Especialistas ofrecen clásicos de Aldo Manucio, o de las memorables imprentas
de Flandes. Ya ha pasado el tiempo en que se podía encontrar una ganga por
casualidad, la joya bibliofílica que valía dos o tres mil francos y costaba
treinta o cuarenta céntimos. Hoy todos esos vendedores estacionados a lo largo
de Ios «quais» saben lo que venden, y
las buenas fortunas de los buscadores de antaño se hacen casi imposibles. No
obstante, la baratura de lo que por lo general allí se encuentra, es notable.
La obra rara, con todo, allí como en todas partes, habrá que pagarla caro.

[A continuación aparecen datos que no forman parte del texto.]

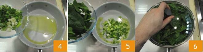 Erhitzen Sie das Öl in einer Pfanne, fügen Sie die Frühlingszwiebeln 4 und den Spinat 5 hinzu, decken Sie mit einem Deckel ab 6 und kochen Sie bei mittlerer Hitze für 10 Minuten.

Octave Uzanne ha escrito un
interesante folleto sobre los vendedores de libros de las orillas del Sena. Otros
escritores han pintado la curiosa vida de esos sedentarios del aire libre que,
invierno y verano, bajo la nieve o bajo el sol, tienen por oficio sacudir el
polvo a su mercancía y aguardar al cliente o al transeúnte que se siente
atraído por la fila de cajas y los montones de papel impreso. Los tipos de
vendedores son variados, como los de los fieles bibliómanos. No escasea entre
los primeros el erudito, que os da una lección de historia de la tipografía, de
ediciones princeps, de incunables, mientras os vende un apolillado Horacio o
Cicerón. Entre los segundos se ven apacibles profesores, sabios condecorados, simples
sabios. He creído en más de una ocasión encontrarme con la amable figura de M.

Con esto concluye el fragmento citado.